Как же «лесным-то братьям» откажешь?
И назавтра они явились в зал в полном составе. И вновь пришли многие из тех, кто был вчера…
Опять были такие доверчивые глаза, сочувственные улыбки, всё понимающие лица… одно из них, в глубине зала вдруг показалось таким знакомым: совершенно седой человек с молодым, смеющимся взглядом. Русский Мальчик?!.. Таким он в моем представлении был давно уже… Но откуда тут? Среди «лесных-то братьев»?
Как они, и правда, внимательно слушали!
Обманывать вообще — грех, но этих-то, так распахнувших душу, этих — тем более!
Эх, кабы всегда оставались такими!
Конечно, опять я, что называется, выложился…
Привыкший дело иметь всё больше с бумагой, на которую, бывает, и капнет слеза — может быть, чего-то я не учел, чего-то в себе не предусмотрел?

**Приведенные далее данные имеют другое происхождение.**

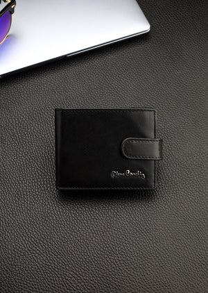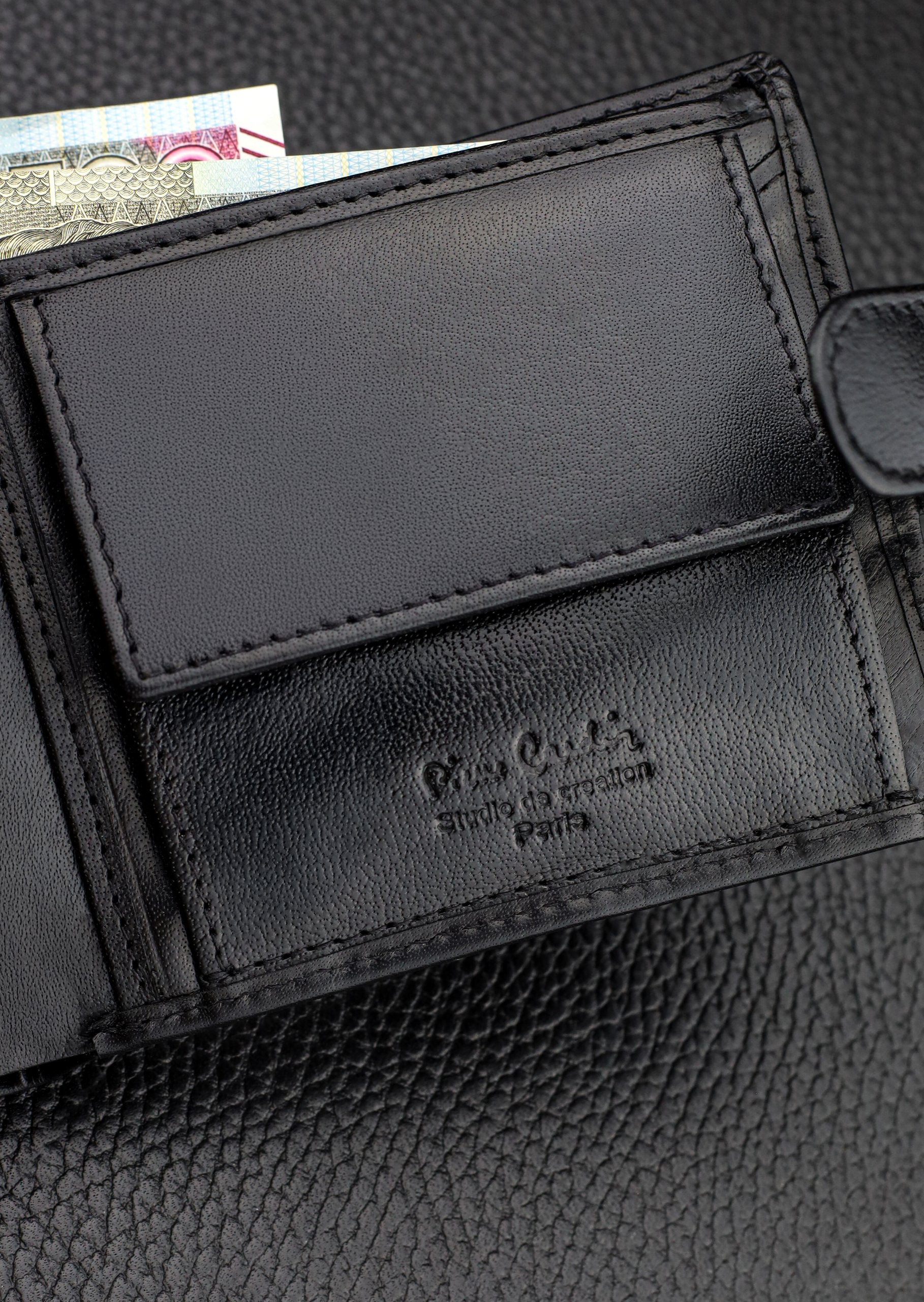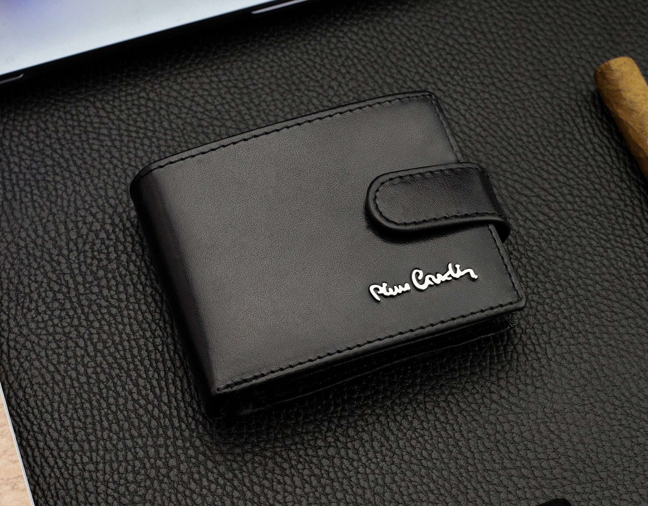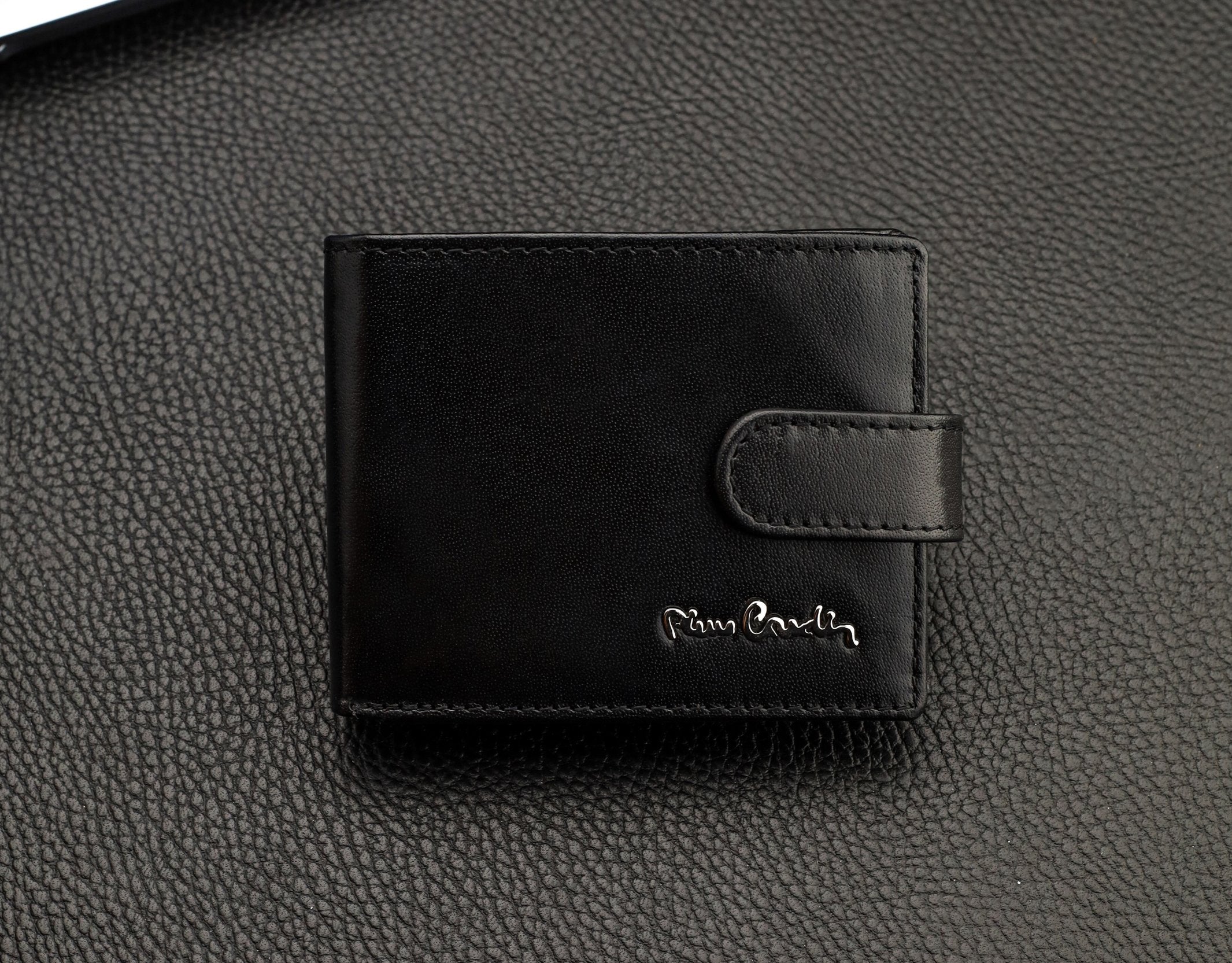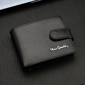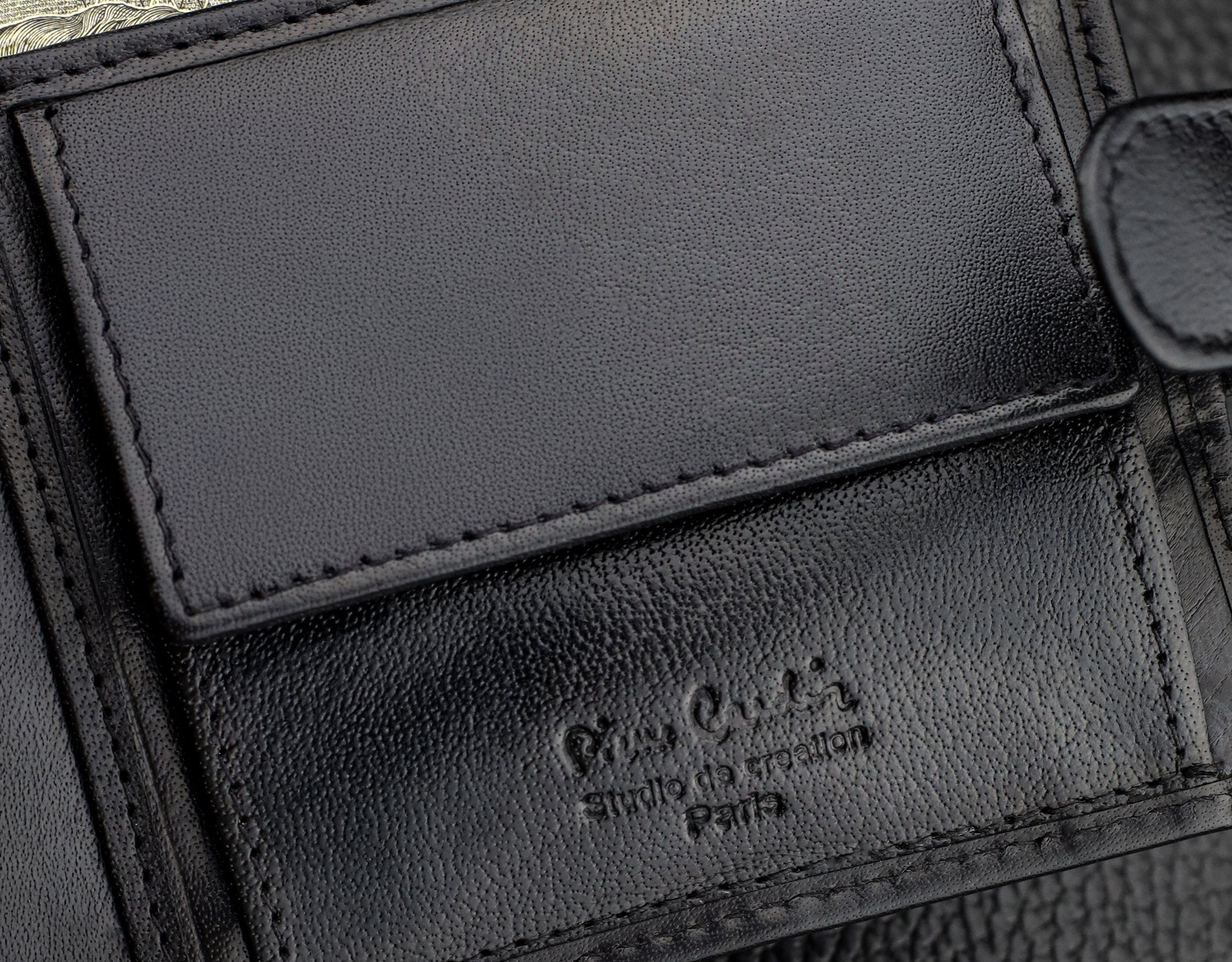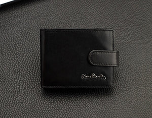 PIERRE CARDIN • Vyriška odinė piniginė RFID (horizontali, didesnė) + audinio diržas

Бывало, в долгих писательских поездках, когда отказывался выпивать за общим столом, почти потрясенные этим фактом хозяева спрашивали: мол, а как же отблагодарить за труд? Чем уважить?
И я без всяких говорил: если не сложно — хорошей парилочкой!
В каких только удивительных русских баньках в полном одиночестве не побывал я: с широкими полками из лиственницы, такими ладными и чистыми, что хотелось на них остаться жить; с бадейками из осины; с только что вынутыми из стожков пахучего сена, где они пластами хранились, березовыми вениками с вложенным внутрь зверобоем и тысячелистником либо полынью; со спелой соломой на прохладном полу предбанничка и логунком кваса с ковшиком наплаву — в углу…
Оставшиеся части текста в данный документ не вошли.